▸ Work to be completed:
Give back exactly the lines of the material below that start at the line containing "CLP Barkruk Weston" and end at the line containing "14 Inch Narrow", and no others.

▸ Data extract:
**********
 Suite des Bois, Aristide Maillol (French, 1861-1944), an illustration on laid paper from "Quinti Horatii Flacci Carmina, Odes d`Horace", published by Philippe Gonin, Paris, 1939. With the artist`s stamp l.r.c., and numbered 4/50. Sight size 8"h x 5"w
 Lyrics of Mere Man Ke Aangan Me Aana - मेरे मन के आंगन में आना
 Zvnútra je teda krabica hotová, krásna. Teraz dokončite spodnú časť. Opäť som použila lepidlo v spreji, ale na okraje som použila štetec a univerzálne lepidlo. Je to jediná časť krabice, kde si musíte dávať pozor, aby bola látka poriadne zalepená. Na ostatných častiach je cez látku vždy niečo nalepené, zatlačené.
**********
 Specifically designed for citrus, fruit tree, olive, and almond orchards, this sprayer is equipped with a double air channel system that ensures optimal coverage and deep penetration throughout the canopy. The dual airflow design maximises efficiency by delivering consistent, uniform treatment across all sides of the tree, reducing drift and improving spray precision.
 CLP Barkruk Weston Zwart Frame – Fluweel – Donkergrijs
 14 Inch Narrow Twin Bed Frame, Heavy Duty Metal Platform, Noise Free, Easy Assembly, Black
**********
▸ Exercise output:
 CLP Barkruk Weston Zwart Frame – Fluweel – Donkergrijs
 14 Inch Narrow Twin Bed Frame, Heavy Duty Metal Platform, Noise Free, Easy Assembly, Black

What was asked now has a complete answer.